It was a case of too much money chasing too few shares as the Irish stock market soared to unprecedented levels in the early part of the week, before some modest profit-taking brought it back slightly. "Quite frankly, this market is awash with cash and few want to sell for fear that they won't be able to get back into the market," was the comment from one fund manager.
That said, most of the bigger investors feel that, on the basis of the usual methods of comparison, the Irish market is fully valued. But comparative valuations seem to have gone out of the window, with institutional cash flowing at enormous levels and overseas investors clamouring for stock that is just not there. The number of double-digit share prices - Bank of Ireland, Iona, Grafton and Irish Continental - is one telling indication of how the market has been driven forward.
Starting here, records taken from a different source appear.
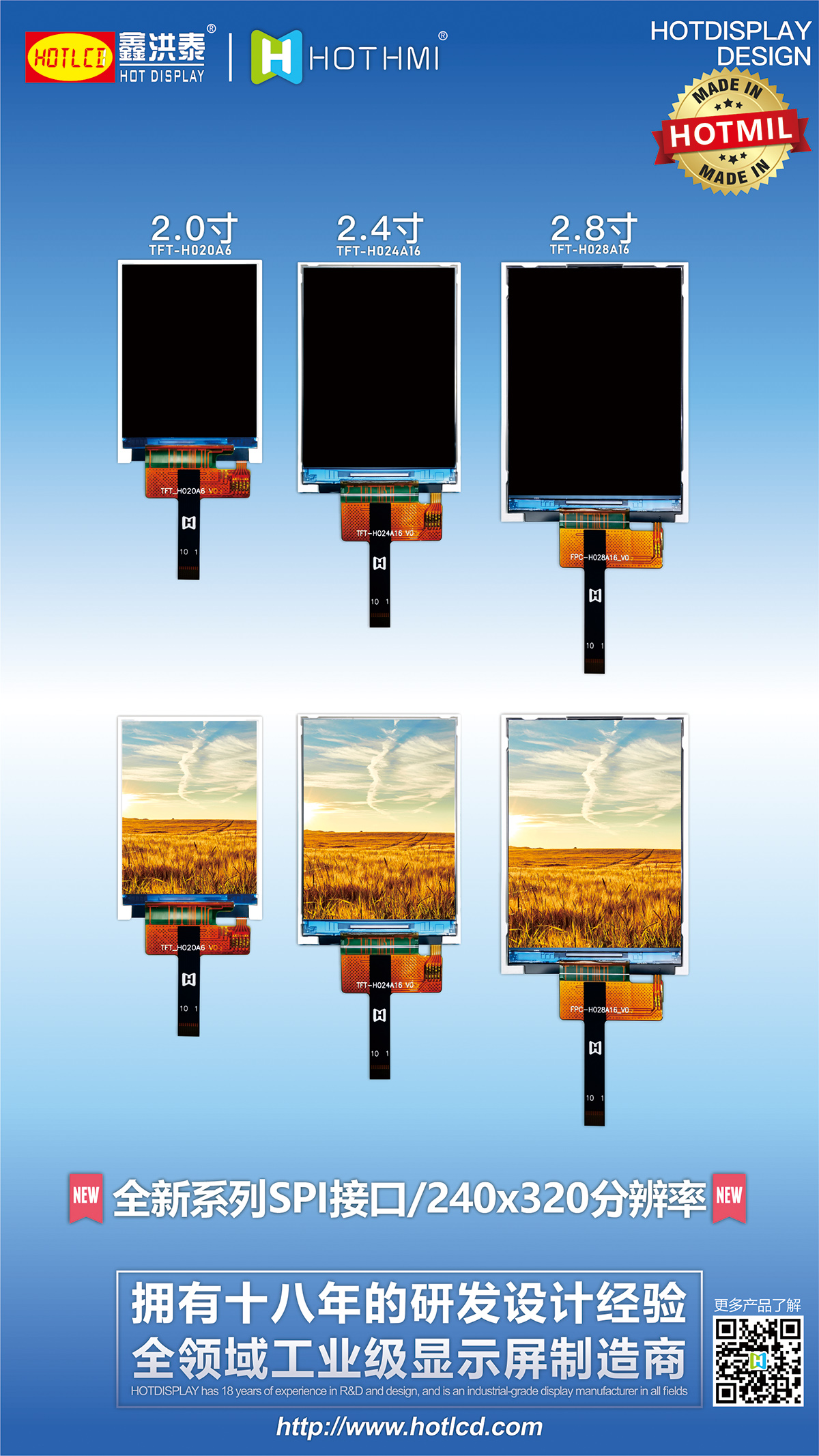 HOTLCD創立于2004年,位于全球電子產業鏈配套最快最全的粵港澳大灣區,是一家專業從事新一代信息產業之LCD液晶顯示模組、TFT顯示屏產品的研發、生產、銷售和服務的深圳市高新技術企業。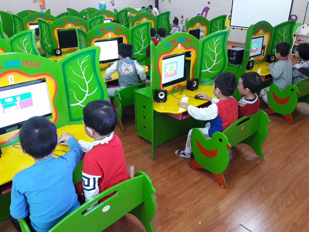 Phòng học Kidsmart được trang bị gần 20 máy tính, với không gian hiện đại, đảm bảo an toàn và vệ sinh, là nơi thu hút rất nhiều trẻ tham gia hoạt động. Hai bé 1 máy dưới sự hướng dẫn của cô giáo bé nào cũng cảm thấy hứng thú và say mê với các trò chơi phát triển trí tuệ trên máy tính. Các trò chơi Kidsmart ngoài việc phát triển tư duy, nhận thức của trẻ còn rèn luyện phản xạ tinh nhạy khi trẻ sử dụng chuột, góp phần trang bị cho trẻ 1 sự khởi đầu hiệu quả giúp cho quá trình học tập sau này. Mỗi ngày đến trường của các bé lớp B4 thực sự là một ngày vui.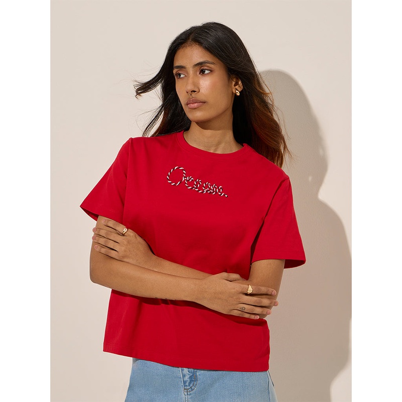 This red t-shirt by LOV flaunts text designs at the front. Made from pure cotton, it includes a crew neck and short sleeves.

The major financial shares have been the focus of the phenomenal bid interest and there seems no sign of any slackening in the demand from overseas investors. AIB spent the week flirting with the £7 billion market capitalisation barrier without making a breakthrough but that distinction will be probably be reached over the next week or so.
At this stage, the ISEQ Overall Index is at a level most analysts did not expect to see until well into the second half of the year and further changes to ISEQ forecasts seem inevitable. The latest market-sensitive figures - yesterday's non-farm payroll and average earnings figures in the US - were relatively benign, with the earnings figures in particular suggesting that the Federal Reserve need have no worries, for the moment, about inflation.
The big jump in the market provided a solid basis for first dealings in Athlone Extrusions, which reached a high of 120p before settling well bid at around the 110p level. Athlone is expected to be the first of about nine or 10 new companies on the market this year, a solid level of corporate activity.
The continued share-buying in Fyffes by the McCann family through their Balkan Investments vehicle meant that the fruit distribution group remained well in demand although 145p now seems to be a ceiling for the shares. With the McCanns now outside their window period for dealing in Fyffes shares, the market will be looking towards corporate developments to drive the share forward.
Golden Vale shares remained well bid at a high of 110p ahead of next week's results and possibly news on the acquisition front. Rye Valley Foods has had proposals from a number of potential buyers but Golden Vale has emerged as front-runner for the Monaghan group. If Golden Vale is successful in its bid, it will be a major strategic move away from the core dairy business towards consumer foods. Any acquisition will probably involve up to £15 million with further capital investment required post-acquisition to increase capacity. Rye Valley had pre-tax profits of £1.2 million on sales of £28 million in 1996.
Kingspan was another strong performer, hitting a new high after this newspaper revealed its plans for a move into the Czech Republic.